What you believe on these fronts should probably govern your betting, should you be so inclined to do some. Florida is a 6.5-point favorite at DraftKings, and UCF’s losses to Cincinnati and SMU — teams that were able to run all over the Knights — were not close. But since Florida’s struggles to run the ball began, its only win by more than a touchdown came over Samford.


I took a closer look at UCF on both sides of the ball in the video below. The offense is not too far outside the norm schematically for Gus Malzahn. You still see some of the same concepts he’s been running for a long time.

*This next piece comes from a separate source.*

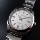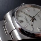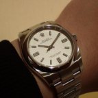 先日、結婚20周年で妻とペアで買いました!!因みに私は、このオイスターパーぺチュアルのブルーを購入し、妻はレディースモデルのオイスターパーペチュアルのブルーを購入しました。ブルーの色合いが落ち着いた雰囲気でブラックよりも柔らかい雰囲気が何ともいえません。妻は出かける時しか着けませんが、私は毎日仕事でも着けて(スーツスタイルですが・・・)、週末のカジュアルな服装の時も着けてます。私の中では相棒になってますね。シンプルながらも、どこか高級感ある雰囲気がたまらないです。ちなみに、私は結構体格は良い方ですが、小さくは感じられませんよ!!今から30周年には何を買おうか一人で考えてます。ロレックスにはまりはじめてます。
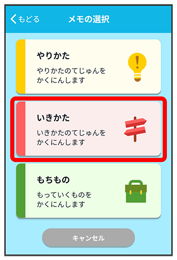 おたすけメモのカテゴリー(種類)を選択

Defensively, UCF shows a lot of aggression and uses some nice concepts to get pressure on the quarterback. I looked at their most recent game, a 17-13 win over USF, and their game against their best opponent this season, Cincinnati. The Bearcats beat the Knights 56-21 on their way to the College Football Playoff.

Florida would, obviously, gladly take a performance like that. But can the Gators generate one?